REQUIRED ACTION:
An exact repetition of the data is required; no picture should appear in it.

GIVEN INFORMATION:
......
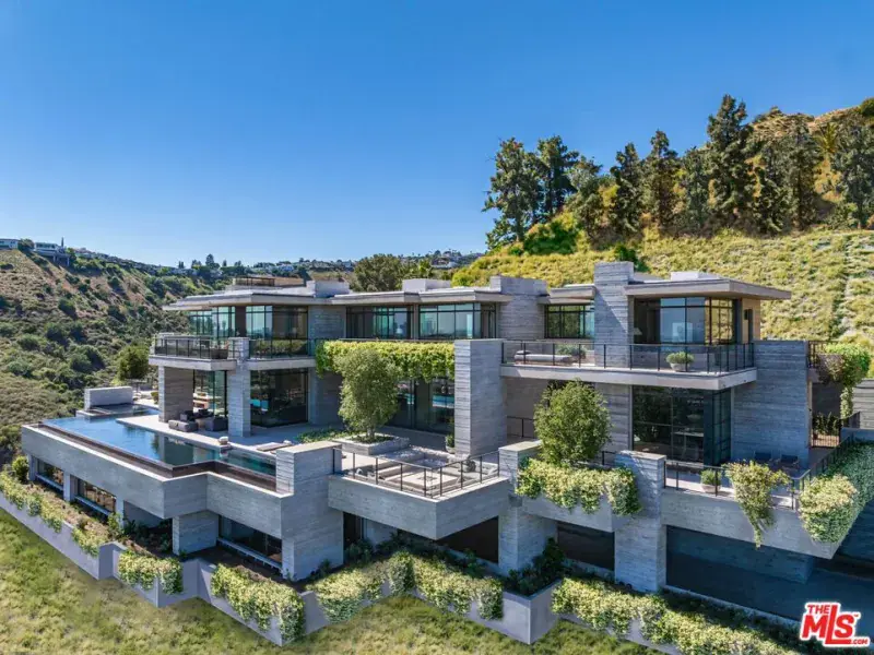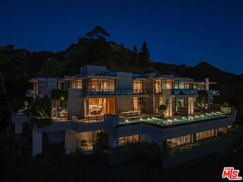 The Hollywood Hills House designed by Scott Mitchell Studio is a monumental and versatile modern villa rising out of the Hollywood Hills. The layered and terraced house – designed for living and entertaining – embraces views that span L.A.’s cityscape from east to west and out to the Pacific Ocean. This property is set on Los Angeles’s most iconic promontory, formerly owned by Howard Hughes, that extends over one acre with no neighbors on either side and 270 views of the entire city. Set at the 50-yard line of legendary hot spots Chateau Marmont, Tower Bar, and the Hollywood Bowl, the energy of the city can be seen and felt from the estate’s peaceful privacy. Additionally, the property borders state land so no building can be constructed behind it, and it has private access to hiking in the famous Runyon Canyon. The form of the house follows a rigorous commitment to rich, organic materials and light. Grand outdoor decks provide seamless indoor and outdoor living. With expansive volumes over three floors, the tranquil and rooted hillside haven exudes a sense of balance, repose and a seamless connection to the natural landscape. A secluded driveway inclines to an impressive, cobbled motor court that can accommodate 12 or more cars and is nestled under the house with far-reaching views across the city. From there the villa’s grand and wide staircase begins, following the form of the building, passing a large-scale, vertical water feature to the landscaped north terrace and walkway, where native plantings and open fires frame the principal steel window and door entry system. On entering, to the east is a luxurious study and to the west, an open living room with fireplace and views across the city that flows into the dining room and on to the kitchen and family room, where floor to ceiling glass sliding doors open seamlessly connecting indoor and outdoor and framing wide urban vistas. On the exterior, wire-brushed narrow Itauba deck boards and an elegant dark stone clad infinity pool and hot tub are flanked by a sunken fire pit and seating area. A stand-alone pool bar and lounge is connected by a covered breezeway adjacent to an outdoor seating area. Walkways and terraces continue around the house incorporating native oaks and under-storied plantings that are composed with elements of fire and water. On the upper level, the primary bedroom wing comprises not only the primary bedroom but separate bathrooms and dressing rooms, and a study that can be isolated from the rest of the suite by a discreet pocket door system. On the lower level is a recreational zone with state-of-the-art screening room, billiards room with lounge area, and a bar. These program elements are organized around a gracious distribution foyer which doubles as a secondary point of entry to the house and leads to the motor court, which can be converted into a conditioned, modern ballroom. The house was built over a 10-year period, and new codes have been created since its construction, preventing a home of this type ever being built again in the Hollywood Hills. The house is constructed with $30 million of solid poured-in-place board-formed concrete with three feet thick concrete walls, and over 100 caissons that go 100 feet deep. The hard cost of the construction is $3,500 a square foot not including the land. The project engaged JRC Group, Inc., arguably the best builder in the city. The house includes a multi-million-dollar Jada steel door package, custom millwork, and audio/visual.
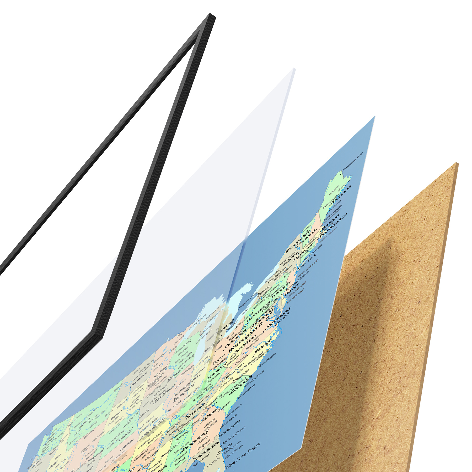 Plakāts sastāv no rāmja, pleksstikla, iespiestā attēla un skaidu plātnes pamatnes. Plakātu var uzreiz piekarināt pie sienas, pateicoties aizmugurē esošajiem stiprinājumiem.
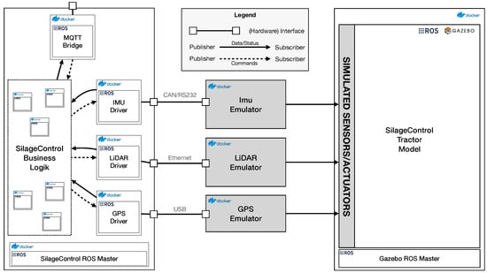 To transition from a physical twin to a digital twin prototype for development and testing purposes, the subsequent step involved linking the device drivers to emulators connected to the simulation, as illustrated in Figure 11. These emulators received commands from the device drivers through different interfaces (Ethernet, RS232, and USB) and relayed these commands to the GAZEBO simulation. Subsequently, the simulated sensors in GAZEBO reacted to the transmitted commands, producing simulated data that were then sent back to the emulator. Finally, the emulator forwarded these data to the corresponding device driver for further processing.
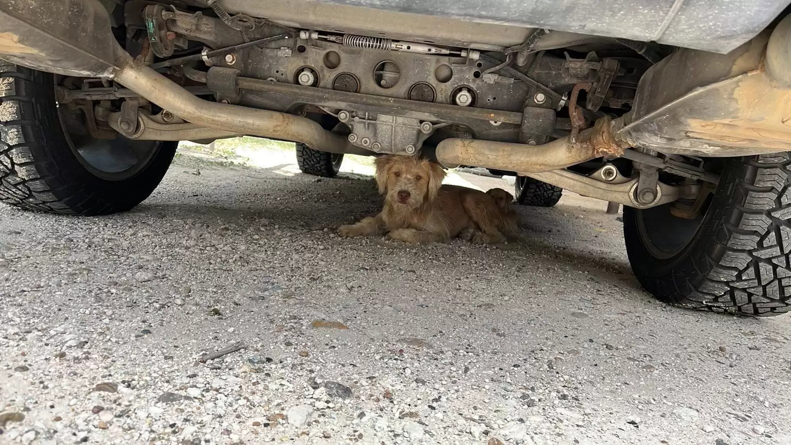 ▼浪浪非常謹慎,看到救援人員接近,就帶著狗寶寶們躲到車子下方不願出來,最後在救援人員的耐心安撫下,才成功將牠們誘捕。
......
TASK ANSWER:
 The Hollywood Hills House designed by Scott Mitchell Studio is a monumental and versatile modern villa rising out of the Hollywood Hills. The layered and terraced house – designed for living and entertaining – embraces views that span L.A.’s cityscape from east to west and out to the Pacific Ocean. This property is set on Los Angeles’s most iconic promontory, formerly owned by Howard Hughes, that extends over one acre with no neighbors on either side and 270 views of the entire city. Set at the 50-yard line of legendary hot spots Chateau Marmont, Tower Bar, and the Hollywood Bowl, the energy of the city can be seen and felt from the estate’s peaceful privacy. Additionally, the property borders state land so no building can be constructed behind it, and it has private access to hiking in the famous Runyon Canyon. The form of the house follows a rigorous commitment to rich, organic materials and light. Grand outdoor decks provide seamless indoor and outdoor living. With expansive volumes over three floors, the tranquil and rooted hillside haven exudes a sense of balance, repose and a seamless connection to the natural landscape. A secluded driveway inclines to an impressive, cobbled motor court that can accommodate 12 or more cars and is nestled under the house with far-reaching views across the city. From there the villa’s grand and wide staircase begins, following the form of the building, passing a large-scale, vertical water feature to the landscaped north terrace and walkway, where native plantings and open fires frame the principal steel window and door entry system. On entering, to the east is a luxurious study and to the west, an open living room with fireplace and views across the city that flows into the dining room and on to the kitchen and family room, where floor to ceiling glass sliding doors open seamlessly connecting indoor and outdoor and framing wide urban vistas. On the exterior, wire-brushed narrow Itauba deck boards and an elegant dark stone clad infinity pool and hot tub are flanked by a sunken fire pit and seating area. A stand-alone pool bar and lounge is connected by a covered breezeway adjacent to an outdoor seating area. Walkways and terraces continue around the house incorporating native oaks and under-storied plantings that are composed with elements of fire and water. On the upper level, the primary bedroom wing comprises not only the primary bedroom but separate bathrooms and dressing rooms, and a study that can be isolated from the rest of the suite by a discreet pocket door system. On the lower level is a recreational zone with state-of-the-art screening room, billiards room with lounge area, and a bar. These program elements are organized around a gracious distribution foyer which doubles as a secondary point of entry to the house and leads to the motor court, which can be converted into a conditioned, modern ballroom. The house was built over a 10-year period, and new codes have been created since its construction, preventing a home of this type ever being built again in the Hollywood Hills. The house is constructed with $30 million of solid poured-in-place board-formed concrete with three feet thick concrete walls, and over 100 caissons that go 100 feet deep. The hard cost of the construction is $3,500 a square foot not including the land. The project engaged JRC Group, Inc., arguably the best builder in the city. The house includes a multi-million-dollar Jada steel door package, custom millwork, and audio/visual.
 Plakāts sastāv no rāmja, pleksstikla, iespiestā attēla un skaidu plātnes pamatnes. Plakātu var uzreiz piekarināt pie sienas, pateicoties aizmugurē esošajiem stiprinājumiem.
 To transition from a physical twin to a digital twin prototype for development and testing purposes, the subsequent step involved linking the device drivers to emulators connected to the simulation, as illustrated in Figure 11. These emulators received commands from the device drivers through different interfaces (Ethernet, RS232, and USB) and relayed these commands to the GAZEBO simulation. Subsequently, the simulated sensors in GAZEBO reacted to the transmitted commands, producing simulated data that were then sent back to the emulator. Finally, the emulator forwarded these data to the corresponding device driver for further processing.
 ▼浪浪非常謹慎,看到救援人員接近,就帶著狗寶寶們躲到車子下方不願出來,最後在救援人員的耐心安撫下,才成功將牠們誘捕。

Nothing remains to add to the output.